Entries supplied:
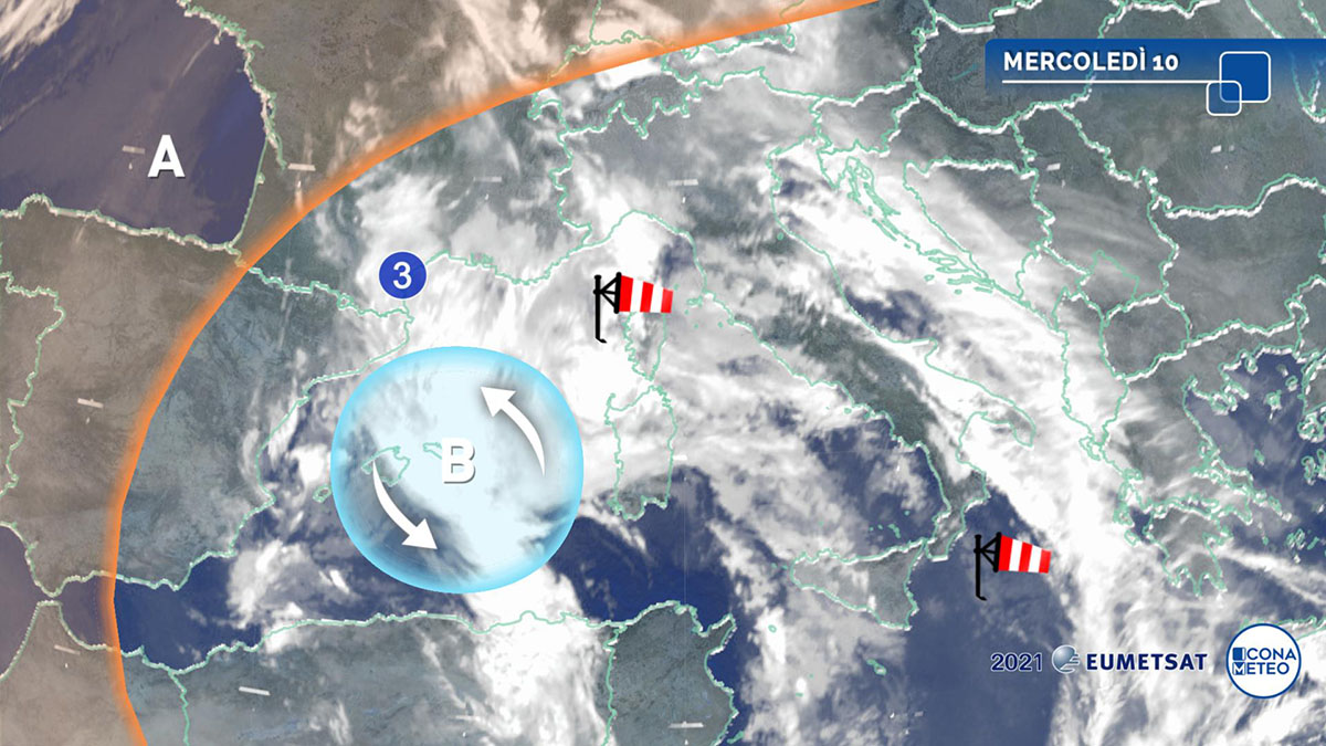 Il tempo sarà molto instabile in Sicilia con piogge localmente intense e a carattere di rovescio o temporale. Al mattino possibili rovesci isolati su alto Lazio e Toscana, piogge residue sul Piemonte occidentale, in attenuazione dal pomeriggio. Dal pomeriggio rovesci nel nordest della Sardegna. La sera di nuovo qualche pioggia nel Cuneese.
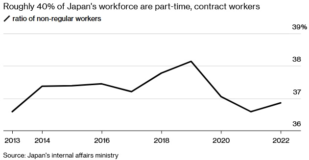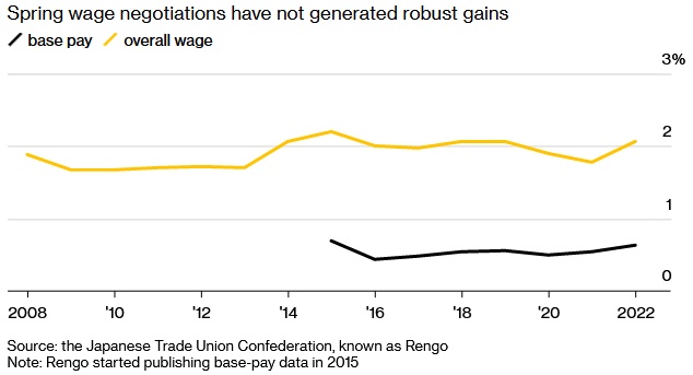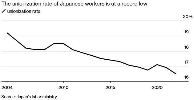 尽管有春季工资谈判,但谈判结果对许多员工来说并没有太大意义。虽然在员工人数超过1000人的公司中,加入工会的员工比例接近40%,但整体的日本员工加入工会的员工比例仅为16.5%,创下新低。此外,日本约76%的劳动力受雇于员工人数不足1000人的公司。春季工资谈判的结果只反映了少数人的工资水平。
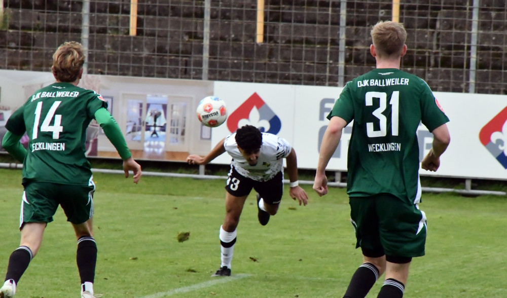Nach einem solchen flüssigen Kombinationsspiel, ausgehend von Tim Cullmann über Kristof Scherpf und Jan Luca Rebmann, landete das Leder von der linken Seite geschlagen genau auf dem Kopf des sträflich freistehenden Tobias Jänicke, der sich diese Gelegenheit nicht entgehen ließ und mit all seiner Ruhe und Routine aus kurzer Distanz per Kopf zum 2:0 einnickte (25.). Eine sehr spielfreudige Borussia hatte jetzt offenbar Appetit auf Tore bekommen. Und der wollte gestillt werden! Nur drei Minuten später stellte Dominik Cullmann das Resultat auf 3:0, als er gegen eine reichlich luftige DJK-Defensive eine Hereingabe von Jan Luca Rebmann, der auf der linken Außenbahn nicht zu halten war, aus etwa zehn Metern überlegt verwertete (28.). Und nur weitere vier Minuten später reihte sich auch Florian Stopp in den Reigen der Torschützen ein, indem er nach mehreren Abschlussversuchen – Ballweilers Abwehr hatte nach einem Eckball das Leder nicht aus der Gefahrenzone befördern können – den finalen Fangschuss setzte (32.). Anschließend ließen es die Borussen, im Gefühl des sicheren und verdienten Vorsprungs, bis zum Pausenpfiff von Schiedsrichter Torben Huss etwas ruhiger angehen, ohne allerdings defensiv in ernsthafte Schwierigkeiten zu geraten. Die Gäste, die bis dahin defensiv zeitweilig überfordert wirkten, brachten auch offensiv außer einigen Standardsituationen nicht viel zustande.
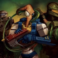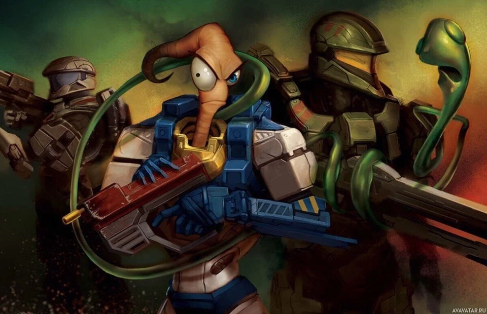 video game series. On the left side, there is an anthropomorphic earthworm character wearing a suit of armor, similar to
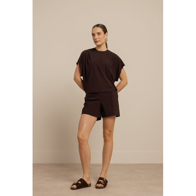 Deze top is vervaardigd van hoogwaardige travelstof, die soepel aanvoelt en kreukvrij blijft. De warme espresso-kleur maakt dit item makkelijk te combineren met andere basisstukken zoals jeans, pantalons of rokken, maar werkt ook perfect onder een blazer of vest voor een smart-casual outfit.
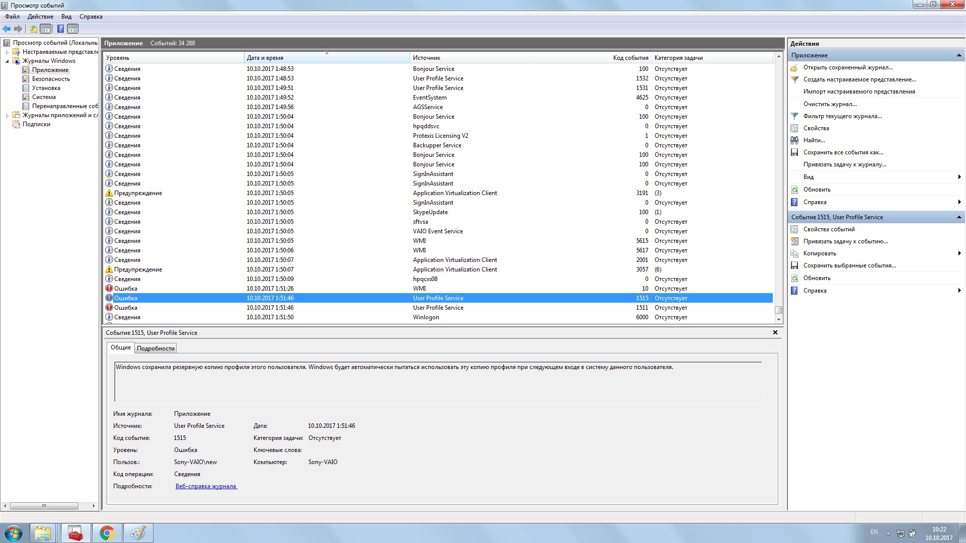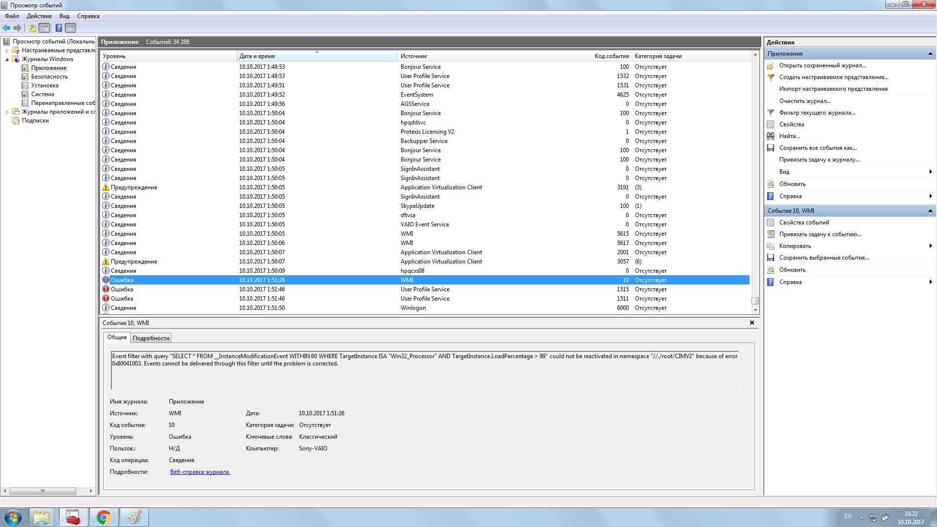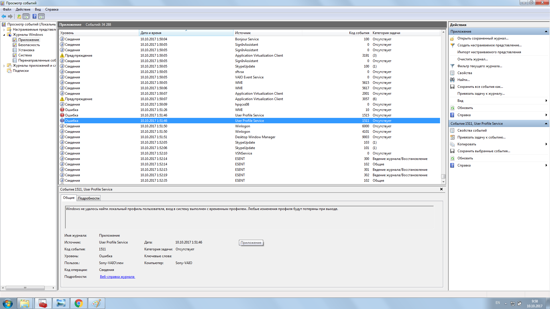 вот ошибки от источника User Profile Service начиная с 19:00 вчерашнего вечера а вот вообще все предупреждения и ошибки от разных источников начиная со вчерашнего вечера с 19 :00 |
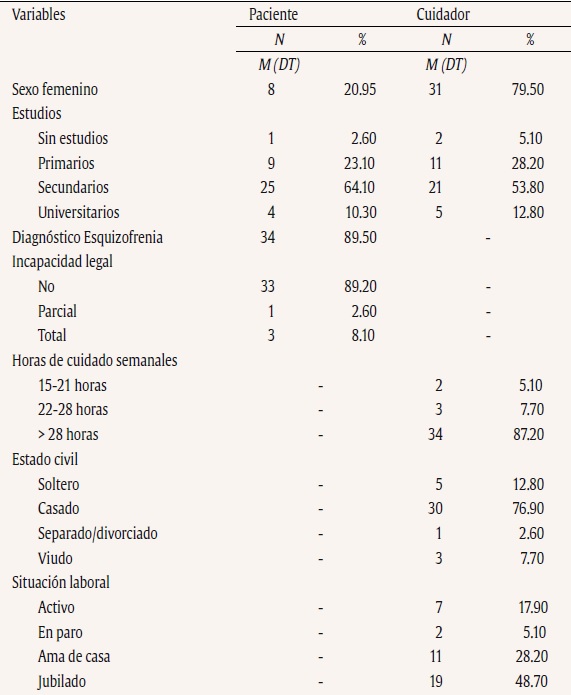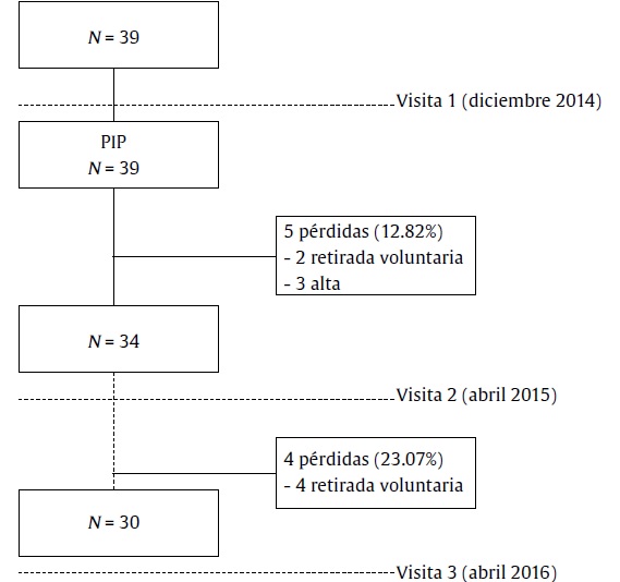 Un total de 39 diadas (paciente-cuidador) participaron en el estudio durante los meses de diciembre de 2014 a mayo de 2016. Treinta y cuatro sujetos completaron la segunda visita. De las 5 pérdidas (12.82%), 2 (5.12%) fueron por retiradas voluntarias del cuidador y 3 (7.69%) por altas asistenciales del paciente en el recurso ambulatorio. En la última visita hubo 4 nuevas pérdidas, todas ellas debido a retiradas voluntarias. No se produjo ninguna pérdida por posibles desviaciones del protocolo. La Figura 1 presenta el flujograma de la muestra.

Your objective: All of the data needs repeating exactly, but the pictures do not.

Response to the exercise:
 Il tempo sarà molto instabile in Sicilia con piogge localmente intense e a carattere di rovescio o temporale. Al mattino possibili rovesci isolati su alto Lazio e Toscana, piogge residue sul Piemonte occidentale, in attenuazione dal pomeriggio. Dal pomeriggio rovesci nel nordest della Sardegna. La sera di nuovo qualche pioggia nel Cuneese.
 尽管有春季工资谈判,但谈判结果对许多员工来说并没有太大意义。虽然在员工人数超过1000人的公司中,加入工会的员工比例接近40%,但整体的日本员工加入工会的员工比例仅为16.5%,创下新低。此外,日本约76%的劳动力受雇于员工人数不足1000人的公司。春季工资谈判的结果只反映了少数人的工资水平。
Nach einem solchen flüssigen Kombinationsspiel, ausgehend von Tim Cullmann über Kristof Scherpf und Jan Luca Rebmann, landete das Leder von der linken Seite geschlagen genau auf dem Kopf des sträflich freistehenden Tobias Jänicke, der sich diese Gelegenheit nicht entgehen ließ und mit all seiner Ruhe und Routine aus kurzer Distanz per Kopf zum 2:0 einnickte (25.). Eine sehr spielfreudige Borussia hatte jetzt offenbar Appetit auf Tore bekommen. Und der wollte gestillt werden! Nur drei Minuten später stellte Dominik Cullmann das Resultat auf 3:0, als er gegen eine reichlich luftige DJK-Defensive eine Hereingabe von Jan Luca Rebmann, der auf der linken Außenbahn nicht zu halten war, aus etwa zehn Metern überlegt verwertete (28.). Und nur weitere vier Minuten später reihte sich auch Florian Stopp in den Reigen der Torschützen ein, indem er nach mehreren Abschlussversuchen – Ballweilers Abwehr hatte nach einem Eckball das Leder nicht aus der Gefahrenzone befördern können – den finalen Fangschuss setzte (32.). Anschließend ließen es die Borussen, im Gefühl des sicheren und verdienten Vorsprungs, bis zum Pausenpfiff von Schiedsrichter Torben Huss etwas ruhiger angehen, ohne allerdings defensiv in ernsthafte Schwierigkeiten zu geraten. Die Gäste, die bis dahin defensiv zeitweilig überfordert wirkten, brachten auch offensiv außer einigen Standardsituationen nicht viel zustande.
 video game series. On the left side, there is an anthropomorphic earthworm character wearing a suit of armor, similar to
 Deze top is vervaardigd van hoogwaardige travelstof, die soepel aanvoelt en kreukvrij blijft. De warme espresso-kleur maakt dit item makkelijk te combineren met andere basisstukken zoals jeans, pantalons of rokken, maar werkt ook perfect onder een blazer of vest voor een smart-casual outfit.
 вот ошибки от источника User Profile Service начиная с 19:00 вчерашнего вечера а вот вообще все предупреждения и ошибки от разных источников начиная со вчерашнего вечера с 19 :00 |
 Un total de 39 diadas (paciente-cuidador) participaron en el estudio durante los meses de diciembre de 2014 a mayo de 2016. Treinta y cuatro sujetos completaron la segunda visita. De las 5 pérdidas (12.82%), 2 (5.12%) fueron por retiradas voluntarias del cuidador y 3 (7.69%) por altas asistenciales del paciente en el recurso ambulatorio. En la última visita hubo 4 nuevas pérdidas, todas ellas debido a retiradas voluntarias. No se produjo ninguna pérdida por posibles desviaciones del protocolo. La Figura 1 presenta el flujograma de la muestra.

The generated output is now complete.